# [What this task involves]
Under this line are the records; repeat exactly the lines starting at the one containing "Ouvrir la porte" and ending at the one containing "1x KS TOOLS", omitting pictures.

--- Data shown Enclosed Below ---

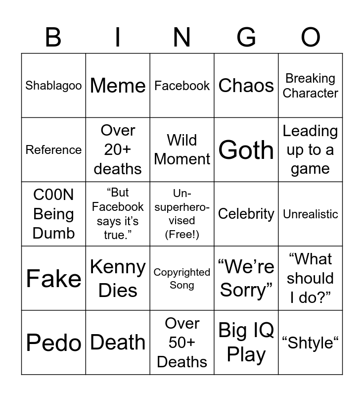 This bingo card has a free space and 24 words: Kenny Dies, Death, Wild Moment, Pedo, Breaking Character, Shablagoo, Reference, Meme, Celebrity, Copyrighted Song, Goth, C00N Being Dumb, “We’re Sorry”, “What should I do?”, Over 20+ deaths, Big IQ Play, Unrealistic, Facebook, Leading up to a game, “But Facebook says it’s true.”, “Shtyle“, Fake, Chaos and Over 50+ Deaths.
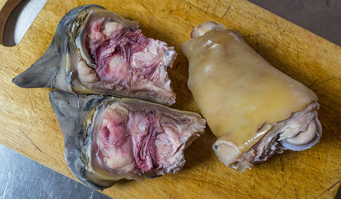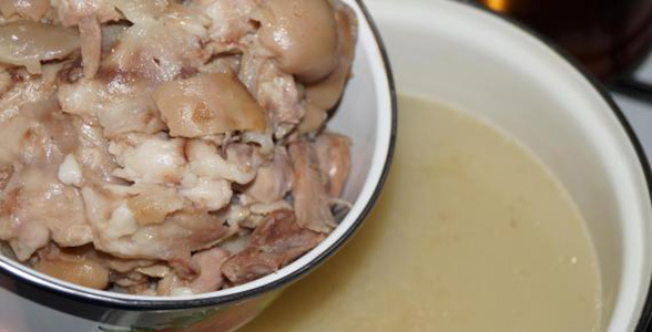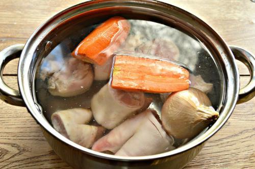 - Giet in aparte containers de lamskop en hoeven met water, voeg de ui toe, zet op hoog vuur en breng aan de kook. Verwijder daarna het schuim en kook het slachtafval op laag vuur tot het gaar is. Kook in een aparte kom de rundertong samen met de uien.
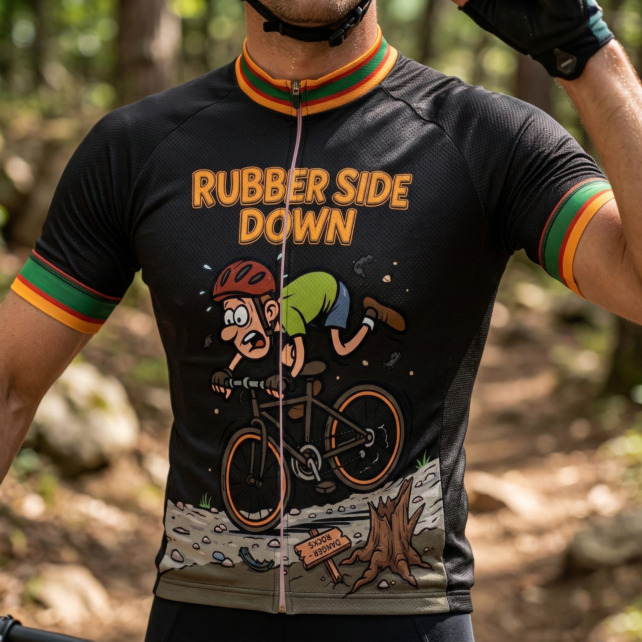 Don’t wait – grab your “Rubber Side Down” cycling jersey today and let the good times roll (or maybe tumble!). Click “Add to Cart” now and get ready to ride in style and comfort!
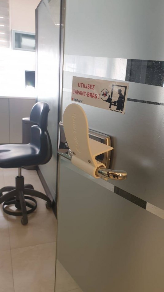 Ouvrir la porte d'un geste simple avec l'avant bras diminue le risuqe de contamination par le Coronavirus via les poignées de portes à ZERO.
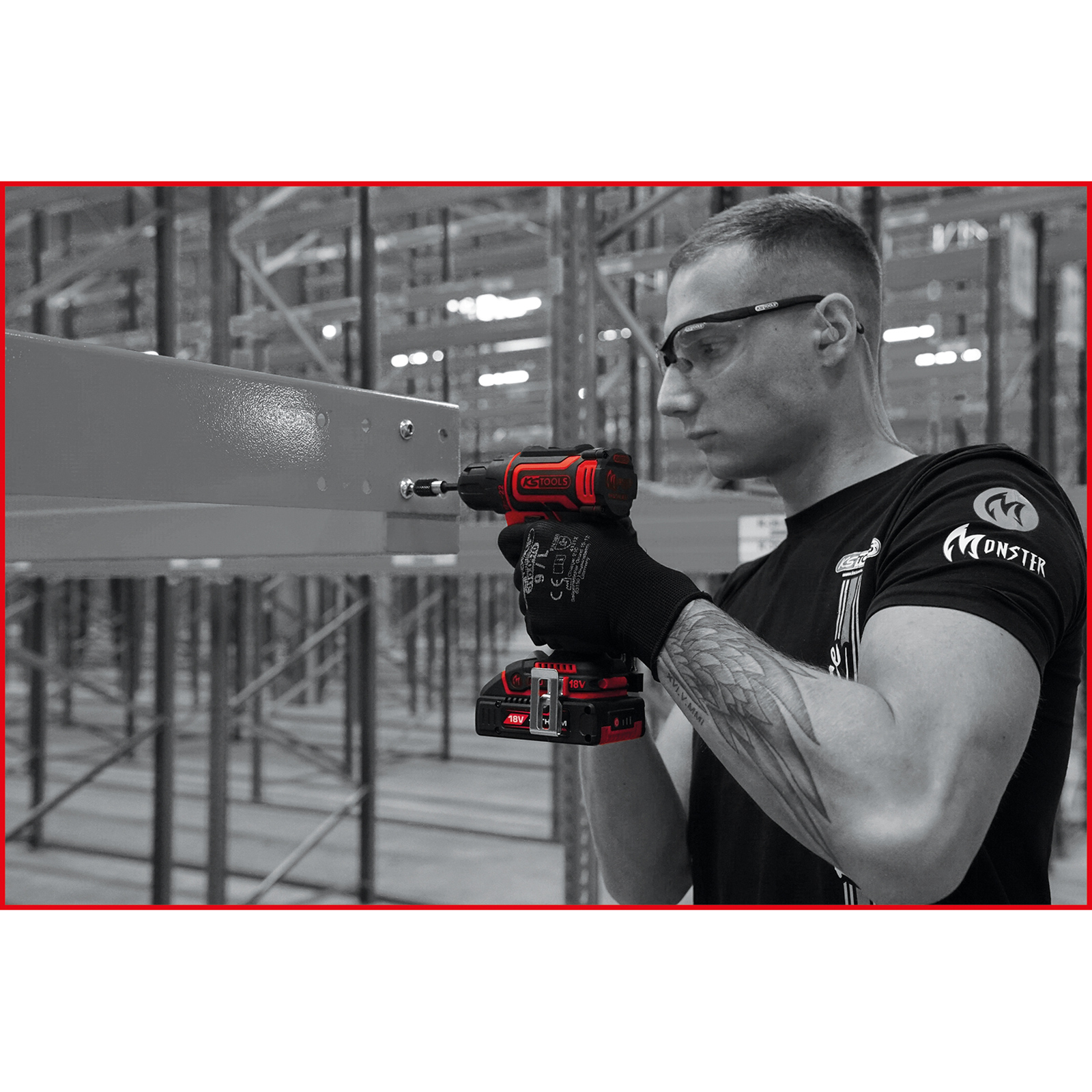 1x KS TOOLS eMONSTER Brushless-Akku-Bohr-Schrauber-Satz 4tlg.
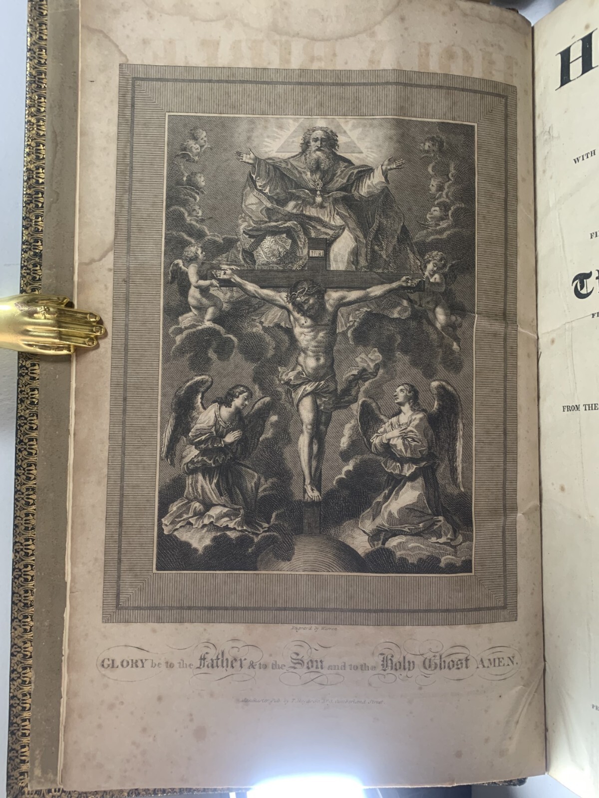 Douay Rheims Old Testament Only Latin Vulgate Folio Bible, Dated 1811: This is a fantastic example of a Douay Rheims Folio Bible! The Holy Bible : translated from the Latin Vulgate, diligently compared with the Hebrew, Greek, and other editions in divers languages. The Old Testament, first published by the English College at Douay, A.D. 1609 : and the New Testament, first published by the English College at Rheims, A.D. 1582 / with useful notes, critical, historical, controversial, and explanatory, selected from the most eminent commentators There are multiple beautiful engravings, designed by Warren. The engraver could be either Charles Warren or Ambrose Warren. Both of whom were engravers based in London at the time. There is beautiful gilding along the edges of the pages and amazing golden vine designs along the edge of the cover. There is an inscription: A M D G (Ad Maiorem Dei Gloriam) London 3 May 1839 Mr. (Illegible for me) (Staunton?) Could be Michael John Staunton, an Irish publisher and Irish nationalist, who at this date would have been hiding from British authorities. Herbert Catalogue - 1579 The text is 100% legible with no pages missing. Dimensions: Weight - 5.2kg Height - 44cm Width - 27.5cm Thickness - 6.2cm Damage: Wearing on the covers Appears to be a damaged leather "patch" on the spine that appears to have the first part of a date on it. Foxing There is some staining, it looks as if it were bleeding from the text itself to the surrounding areas. Around half way through the Bible there is a ripped page.
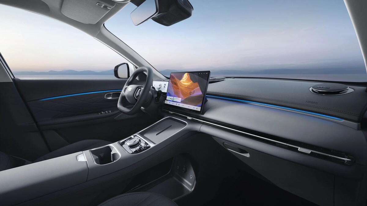 В най-общи линии казаните по-горе думи важат в същата сила и за вътрешността на автомобила, която е просторна, сравнително качествено направена и добре оборудвана, но не се отличава с нещо особено нито на фона на конкуренцията, нито спрямо останалите модели на конзерна Geely - атмосферата се доминира от голям сензорен екран, монтиран вободно в средата на таблото, а на издигнатата централна конзола имаме безжично зареждане на смартфон в предната част и все пак няколко физически бутона по-назад, предназначени за командване на климатичната инсталация, а между тях и подлакътника са позиционирани поставките за чаши и бутилки - от ергономична гледна точка, въпросните са разположени твърде назад и твърде високо, за да бъдат наистина удобни. Иначе картината е добре позната от почти всеки не се отличава от всеки друг съвременен китайски модел от подобна категория - относително добре изглеждащи на вид и допир меки пластмаси, вентилационни отвори и бутони за прозорците, които вече сме виждали и при други марки, както и на моменти доста отвличащо вниманието на водаа от трафика управление на функциите през тъчскрийна. Две от нещата, които наистина вероятно биха ви "изкефили" на борда на Geely Starray EM-i, са панорамния покрив, който впечатлява както с площта, така и с оптималното си разположение и радва в еднаква степен седящите на двата реда седалки (и за разлика от редица конкуренти, разполага с наистина солидна и непропускаща светлина и топлина защитна ролетна щора), както и неочаквано добре звучащава аудиосистема FLYME SOUND с общо 16 високоговорителя, два от които са разположени в предните подглавници.
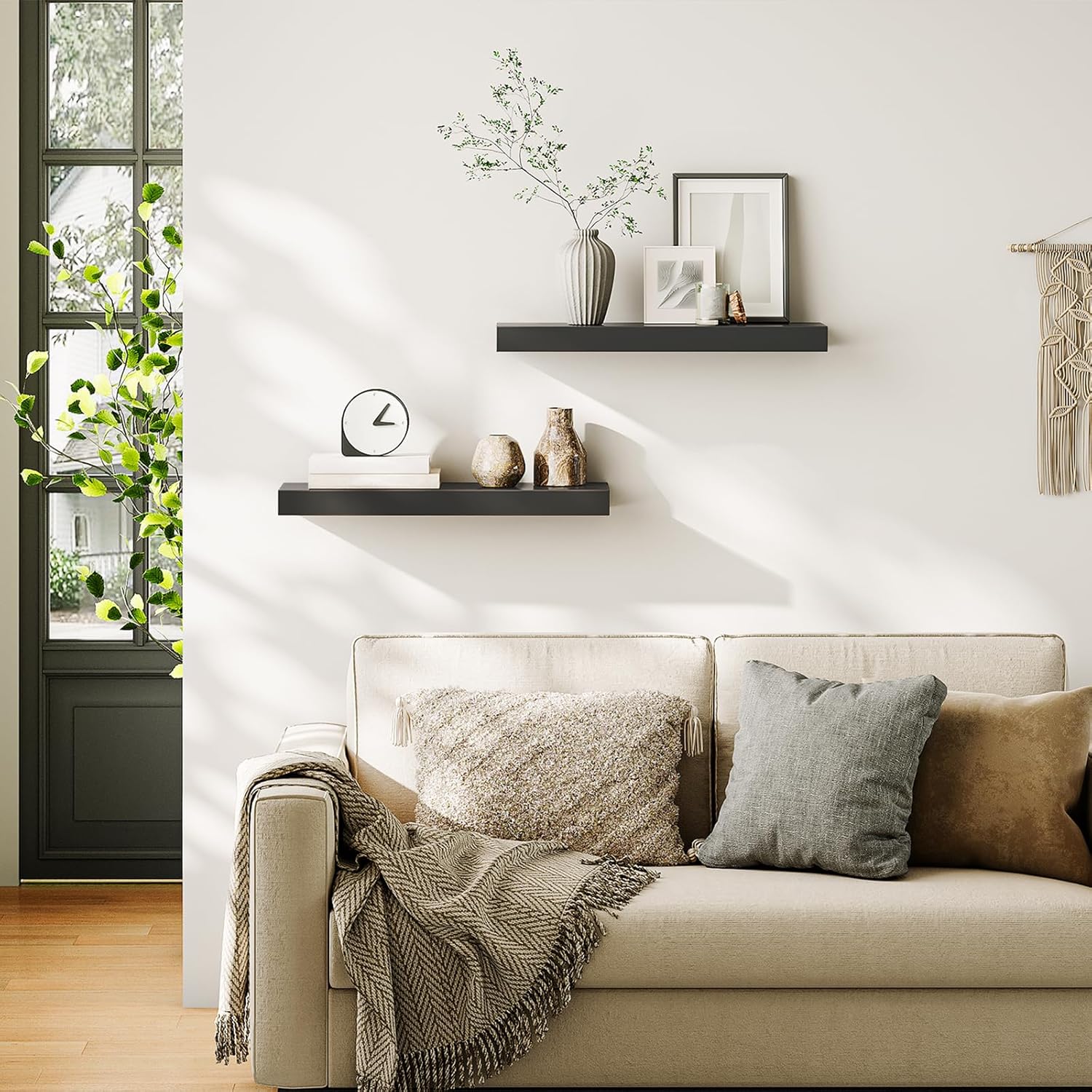 - Exquisite Wall Surface Decoration: Two classic and elegant black wooden shelves can be placed on each wall surface of all household rooms. This floating shelf for room wall is not only for its decoration effect, but also for this wall shelves high practicality. It is an ideal place to display your beloved photos, trophies and other delicate ecorations
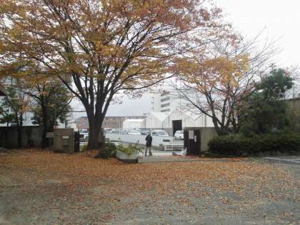 週明け月曜日,西野小学校の校門付近と運動場は落ち葉で埋め尽くされています。
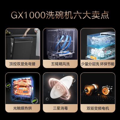 采用星耀灰面板搭载覆膜工艺,无惧指纹油污,清洁方便不费力,历久弥新。五臂飓风喷臂,清洁彻底无死角,高效清洁。

--- End of Enclosed Data shown ---

# [Completed exercise]
 Ouvrir la porte d'un geste simple avec l'avant bras diminue le risuqe de contamination par le Coronavirus via les poignées de portes à ZERO.
 1x KS TOOLS eMONSTER Brushless-Akku-Bohr-Schrauber-Satz 4tlg.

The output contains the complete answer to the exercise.